Think int0x80 did a segment on how to do this too, and Shannon did a segment on moving the SAM file, off of windows, and onto a thumbdrive or removable media as well, so no one can boot windows without it, but unless you use disk encryption in windows as well, booting off a live disk you could still see all the files and just pull off whatever you want, regardless of windows, linux or mac OSX, if live booted, you can just copy what you want off to portable media and leave the password the same, and the owner would be none the wiser. You just need time, physical acccess, and tools to boot the system. For my laptop, I have the bios password protected as well as the HDD password protected, so you can't boot it, sort of removing, and remounting the laptops HDD and reading it in another machine and I keep it in a locked aluminum case pretty much at all times except when using it.
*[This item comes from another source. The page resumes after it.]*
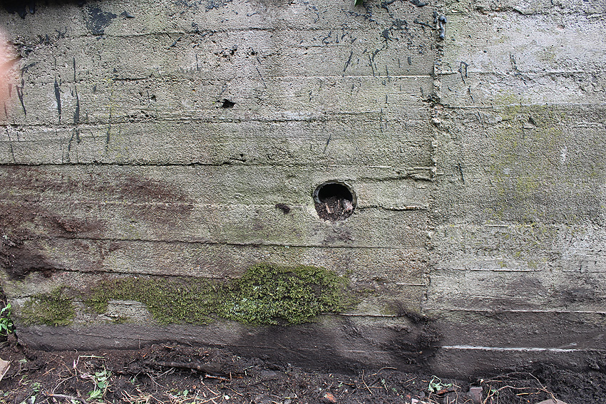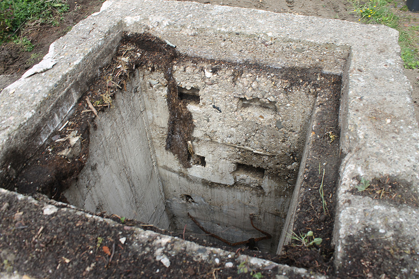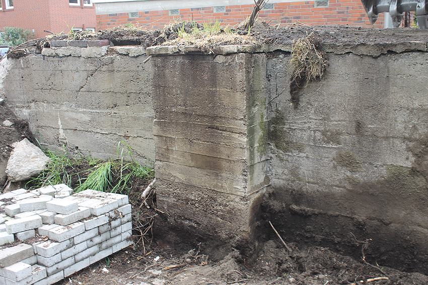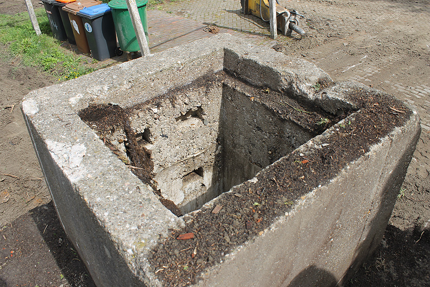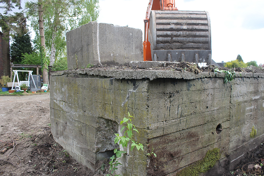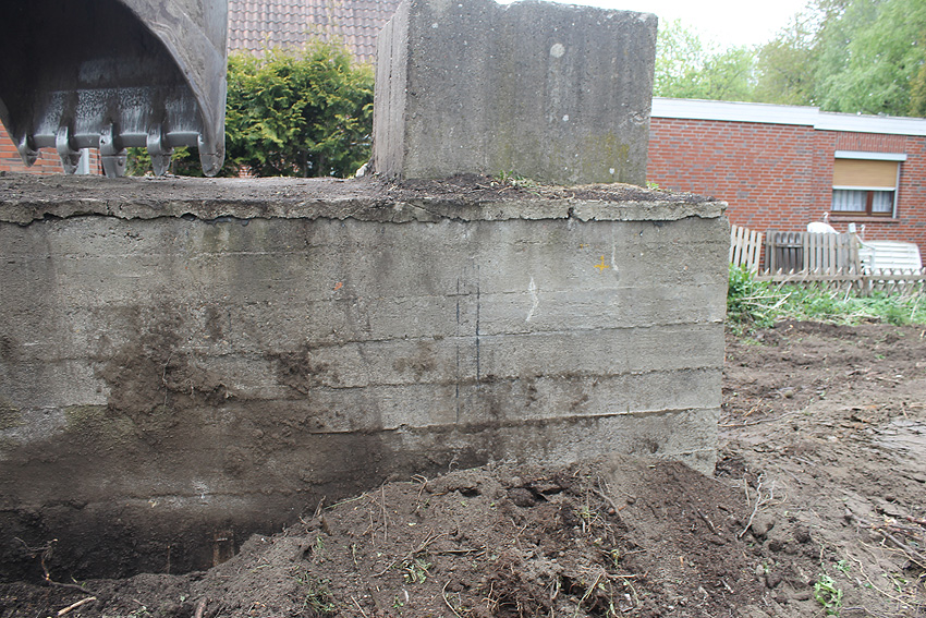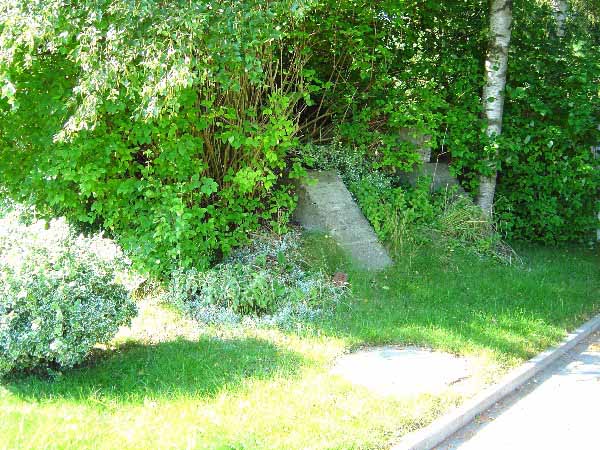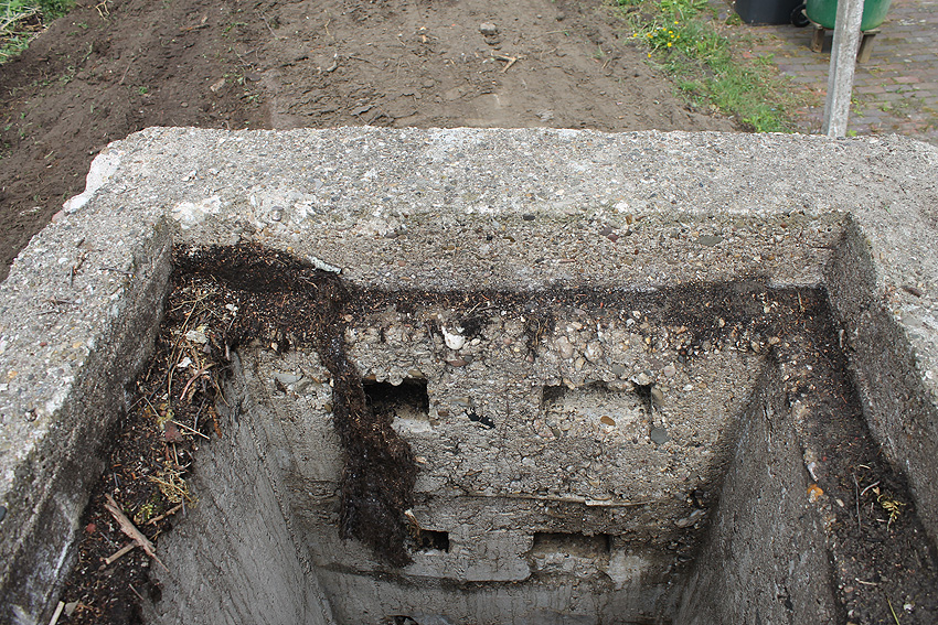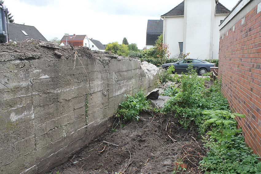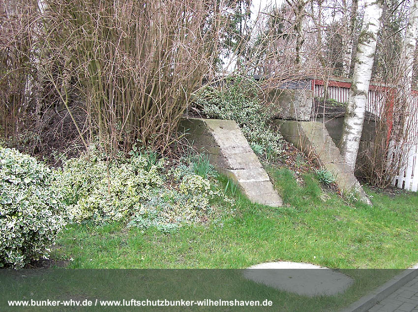 Nachtrag Mai 2020: Dies ist die untere Hälfte vom Eingangsbau des Deckungsgrabens Am Tief / Verbindungsstraße. Der Oberbereich wurde nach dem Krieg entfernt. Der Graben wurde Ende April bis Anfang Mai 2020 über Erdgleiche abgerissen. Interessant: Die nahe Anlage Lindenstraße besteht lediglich im ersten Grabenabschnitt. Der hintere abgeknickte "L-Bereich" wurde für die nachkriegszeitige rückwärtige Erweiterung des anliegenden Wohnhauses beseitigt. Auch der Eingangsvorbau wurde entfernt (für eine Garageneinfahrt). Die Anlagen gehören einer Serie mit zwei Deckungsgräben in Heidmühle und einem in Moorwarfen an. Eine "verdoppelte" Version in Zickzackform existiert noch heute in Middelsfähr, eine weitere Anlage gab es in Sande.

So, it's possible to install Win7 using full disk encryption - hm. Do you know if its a proprietary encryption format? I definitely gota dig around for those episodes. According to your last post, anyone can suck the hashes off Win7 and Linux, and then crack away, if its left un-encrypted. Digininja didn't list any reset tools for linux passwords. Anyone know of reset tools for popular debian based distros like Ubu (non-crack)?

Edited June 25, 2013 by logicalconfusion

[digininja]

You don't need reset tools for Linux it is simply a case of using a live boot disk and editing a file (in most situations)

And Windows has had FDE for ages, TrueCrypt is an alternative.

[digip]

Digininja didn't list any reset tools for linux passwords. Anyone know of reset tools for popular debian based distros like Ubu (non-crack)?

Also, depending on the OS, you can usually edit the GRUB command before boot, make it RW and single user mode, logs you onto console as root, type passwd, change password, reboot, done. Just have to break the boot sequence before it starts, or if you have a grub menu to choose options from, edit and change the boot mode from RO to RW and the runlevel to single user mode - http://en.wikipedia.org/wiki/Runlevel#Standard_runlevels

I've actually had to do that to reset passwords when forgotten on VM's before.

Edited June 24, 2013 by digip

[digininja]

Some distros lock single user mode down so you have to enter the root password to get into them, I've seen it on Debian.